What do I do for my company? Codes, programs, anything even remotely useful, which it very rarely is. HTML For Dummies only gets you so far, and then you have to use your initiative. Bold tag, destroy tag. CSS style sheet of impending doom. Trojan horses. It all falls under the same category of Computer Stuff. Eloquent as ever, I began my task appointed to me by boredom and washing.

You’d wonder why I didn’t just go for the Electricity, which appears to be the big cheese in all of this. You switch off electricity, things don’t work, and it’s incredibly annoying for just about everybody. You destroy the core of the internet with a super-virus so powerful that it spreads in the blink of an eye, that’s more data than you can ever imagine, vanished. Sure, they’d get it back up and running eventually, but everything that was in there would be gone. Cue uproar, cue court cases, cue people suing everyone within a five mile radius.

Internet businesses, as I tapped away at the keyboard with my tongue clenched between my two front teeth in concentration, would be ruined. News archives, gone and forgotten. Bank transactions, Neopet accounts. Every user of every age would be distraught. Online shopping centres, bankrupt. It would be monumental.

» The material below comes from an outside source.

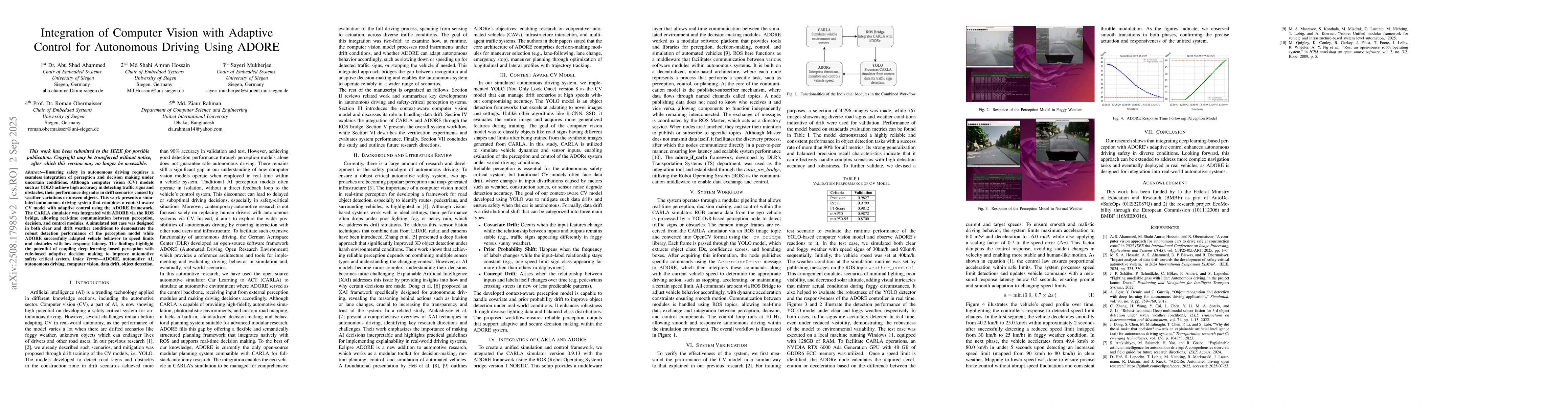 Ensuring safety in autonomous driving requires a seamless integration of perception and decision making under uncertain conditions. Although computer vision (CV) models such as YOLO achieve high accuracy in detecting traffic signs and obstacles, their performance degrades in drift scenarios caused by weather variations or unseen objects. This work presents a simulated autonomous driving system that combines a context aware CV model with adaptive control using the ADORE framework. The CARLA simulator was integrated with ADORE via the ROS bridge, allowing real-time communication between perception, decision, and control modules. A simulated test case was designed in both clear and drift weather conditions to demonstrate the robust detection performance of the perception model while ADORE successfully adapted vehicle behavior to speed limits and obstacles with low response latency. The findings highlight the potential of coupling deep learning-based perception with rule-based adaptive decision making to improve automotive safety critical system.
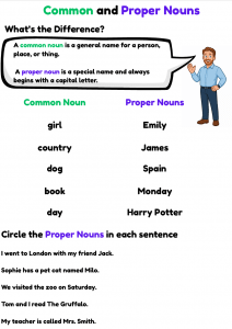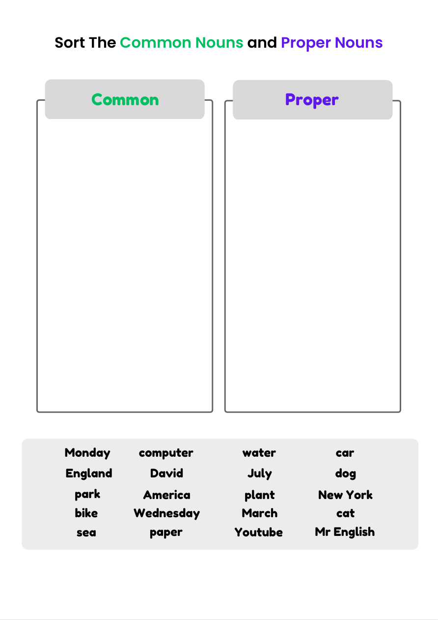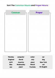 Make learning nouns fun with this interactive worksheet that helps children understand the difference between common and proper nouns. Perfect for ESL learners, this activity includes engaging examples and exercises using words like ‘city’ and ‘London’ or ‘boy’ and ‘Tom.’ Great for classroom or online English lessons!

Cue cut scene to a montage, of foraging through computer files, day and night.
Downloading the most virulent viruses already created to take them apart and piece them together in new, exciting ways. Imagine a Lego set, combined with Meccano. Polystyrene coffee cups piling on the desk, slowly growing mould. Whole civilisations of bacteria set up a livelihood in those cups. While they invented their own computer systems, I continued to destroy ours.

It can take any amount of time to write a virus. Days, months, however long you wish to spend. My own took longer that I would ever wish to divulge. The planning, the creation, of this bug which looked so benign until you unleashed it. The planning, the security I had to dodge, to breach. Labyrinth Online, they should have called it. Block the security cameras, distract the guards. Flirt with them, if need be, although I’d never admit to that.

Unscrambling password encryptions took me weeks, longer the further I got inside. Undetected for now, but definitely not forever. Think mouse, think alley of cats, and you’d see my position. The further I went in, the harder it was to leave, and the harder it was to continue. I pinned myself to our Big Daddy Super Computer, like a parasite, and didn’t let go.

All those hours, weeks, months, possibly years (I’ll never tell) cumulated into the final day. The day when I realised I was in. Apply injection to the vein and in goes the medicine. Medicine, cyanide, who can really tell the difference?

The single command I typed, was Execute. Appropriate in more ways that it would ever know. I tapped the enter key, and sat back.

Sit back, relax, and enjoy the ride. Please keep arms and legs inside the carriage at all times. The first step to the end of civilisation was on its way.

In the beginning, there was God, and he created the Earth.
In the beginning, there was nothing, and the Big Bang happened.
The era of creation is long over. Welcome to the era of total destruction. Whatever you think you made, whatever you owned, whatever you see with that imagination of yours, it is now worthless, obsolete, and dust in my hands.

My vision, my creation, is chaos theory.